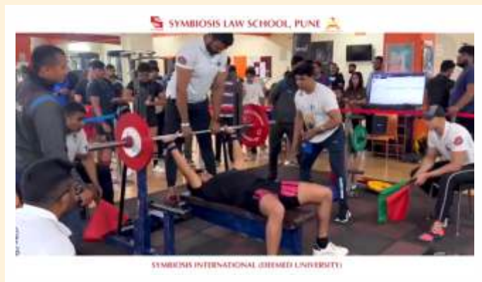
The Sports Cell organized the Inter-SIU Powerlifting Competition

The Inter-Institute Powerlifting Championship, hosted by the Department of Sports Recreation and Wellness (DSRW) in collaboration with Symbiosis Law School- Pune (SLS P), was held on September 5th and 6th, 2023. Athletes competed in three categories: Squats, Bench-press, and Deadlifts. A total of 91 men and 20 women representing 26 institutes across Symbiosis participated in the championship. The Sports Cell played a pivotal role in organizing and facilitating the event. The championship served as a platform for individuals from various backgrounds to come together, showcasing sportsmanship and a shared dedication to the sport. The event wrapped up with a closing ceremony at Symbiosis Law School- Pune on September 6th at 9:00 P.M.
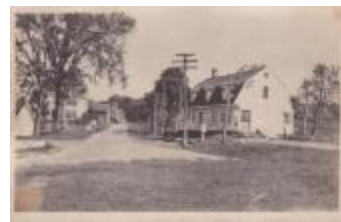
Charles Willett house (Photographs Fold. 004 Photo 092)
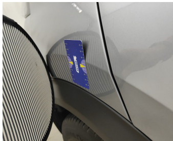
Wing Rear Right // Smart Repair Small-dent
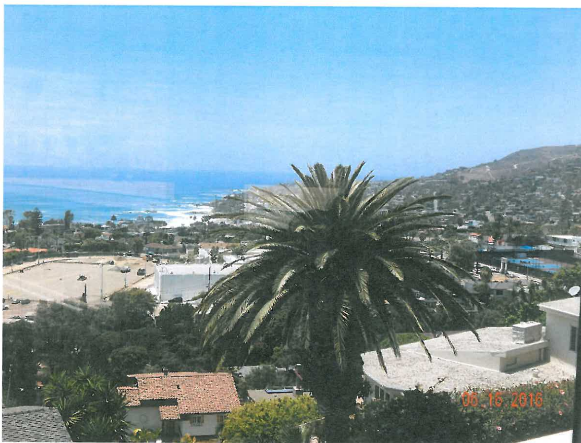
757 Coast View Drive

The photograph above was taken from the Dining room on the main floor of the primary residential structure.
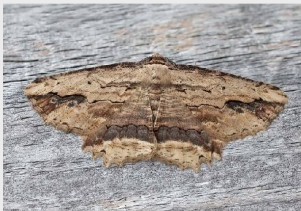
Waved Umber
* * *
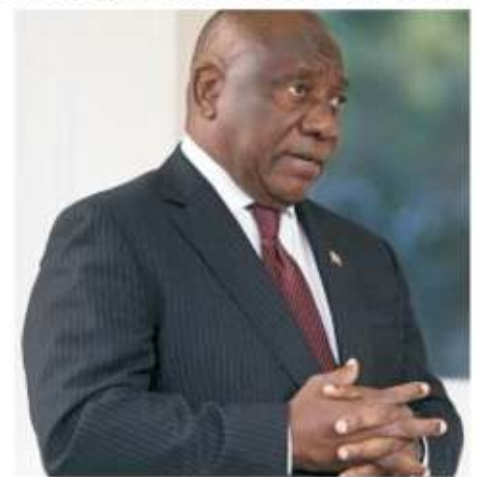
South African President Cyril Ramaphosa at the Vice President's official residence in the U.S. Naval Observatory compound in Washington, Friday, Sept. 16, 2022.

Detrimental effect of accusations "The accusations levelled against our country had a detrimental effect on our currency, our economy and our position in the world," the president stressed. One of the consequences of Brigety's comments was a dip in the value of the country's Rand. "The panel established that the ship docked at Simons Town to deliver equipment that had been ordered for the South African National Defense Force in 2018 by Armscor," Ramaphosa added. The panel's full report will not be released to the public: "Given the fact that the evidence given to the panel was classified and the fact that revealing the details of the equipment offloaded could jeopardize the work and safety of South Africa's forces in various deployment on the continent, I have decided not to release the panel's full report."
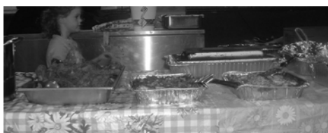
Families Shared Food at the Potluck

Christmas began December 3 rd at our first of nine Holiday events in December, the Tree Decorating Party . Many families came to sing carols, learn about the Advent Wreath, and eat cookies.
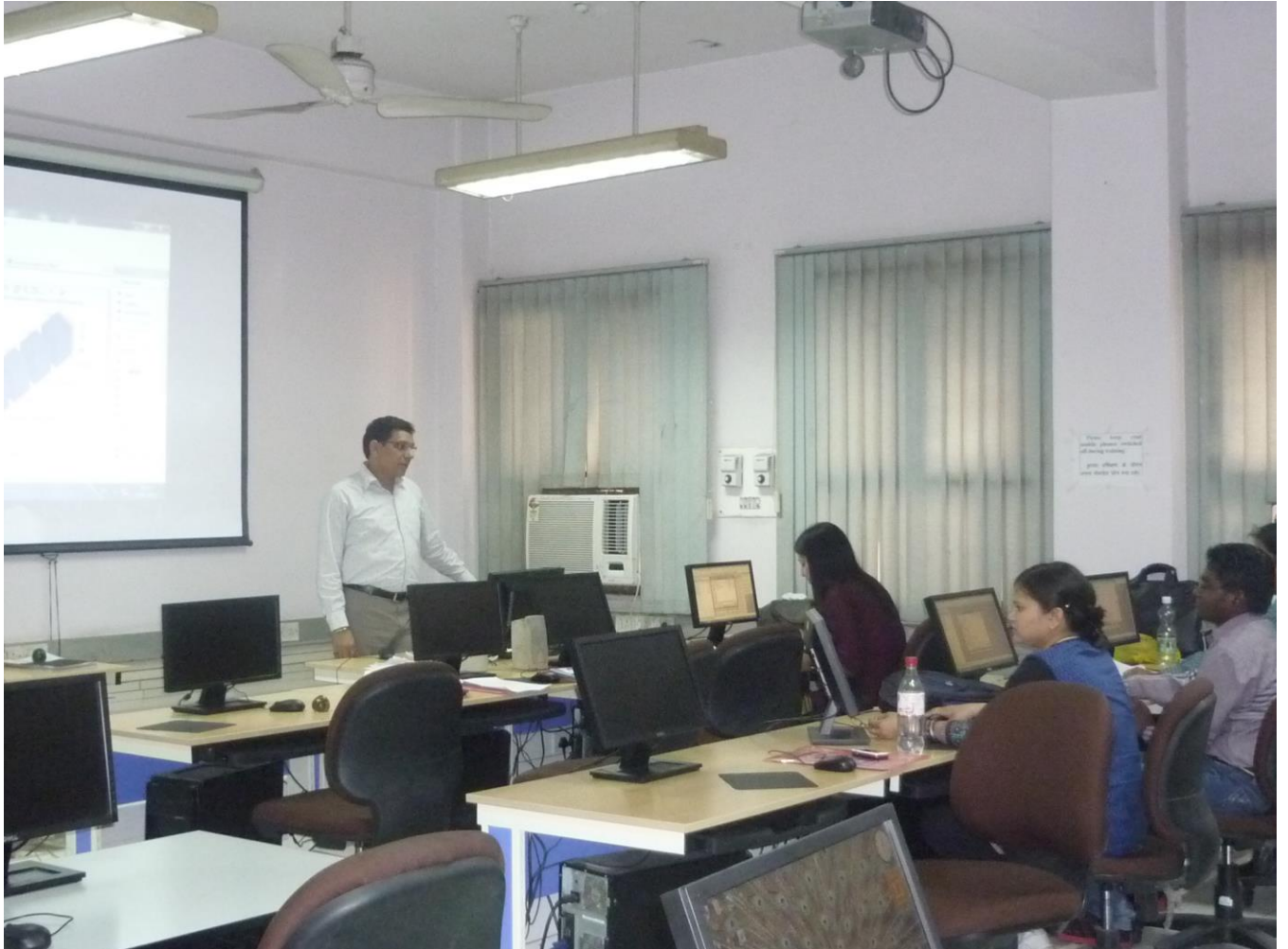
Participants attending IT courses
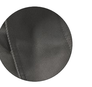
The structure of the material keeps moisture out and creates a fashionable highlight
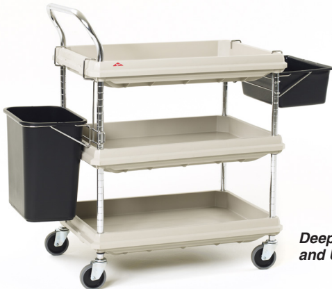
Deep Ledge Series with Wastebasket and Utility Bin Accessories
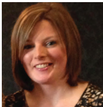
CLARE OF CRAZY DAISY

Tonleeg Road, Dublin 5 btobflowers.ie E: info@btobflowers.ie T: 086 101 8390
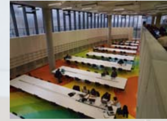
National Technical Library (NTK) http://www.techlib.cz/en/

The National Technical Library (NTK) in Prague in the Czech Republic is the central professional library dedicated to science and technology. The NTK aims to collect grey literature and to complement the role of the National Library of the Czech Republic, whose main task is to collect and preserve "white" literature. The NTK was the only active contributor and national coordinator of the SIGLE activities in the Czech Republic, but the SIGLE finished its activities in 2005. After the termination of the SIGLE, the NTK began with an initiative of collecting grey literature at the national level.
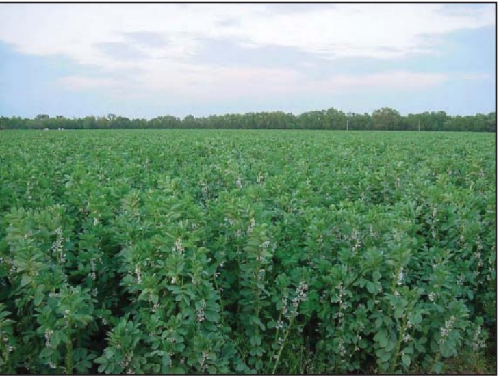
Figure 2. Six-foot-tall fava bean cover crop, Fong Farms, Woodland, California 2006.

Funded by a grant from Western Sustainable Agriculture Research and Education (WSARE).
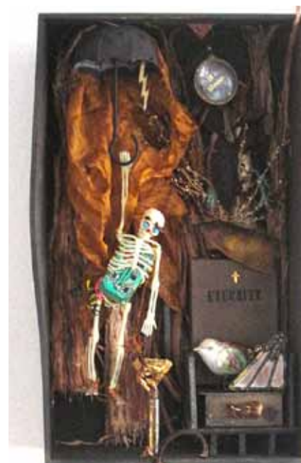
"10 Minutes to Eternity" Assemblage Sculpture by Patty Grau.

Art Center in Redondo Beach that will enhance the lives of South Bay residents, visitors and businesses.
* * *
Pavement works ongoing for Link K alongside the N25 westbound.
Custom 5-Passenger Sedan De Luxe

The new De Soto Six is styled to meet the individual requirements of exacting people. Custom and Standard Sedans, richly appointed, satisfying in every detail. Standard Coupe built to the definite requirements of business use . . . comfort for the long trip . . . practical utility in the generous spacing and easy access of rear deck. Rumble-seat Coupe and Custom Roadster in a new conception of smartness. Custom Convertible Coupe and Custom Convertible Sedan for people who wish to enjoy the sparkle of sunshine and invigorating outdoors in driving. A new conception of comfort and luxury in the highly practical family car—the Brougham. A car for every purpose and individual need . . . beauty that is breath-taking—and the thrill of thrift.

◆ Task brief:
Once you have checked every line of the material above, return the ones that hold the string "structure".

◆ Written response:
The photograph above was taken from the Dining room on the main floor of the primary residential structure.
The structure of the material keeps moisture out and creates a fashionable highlight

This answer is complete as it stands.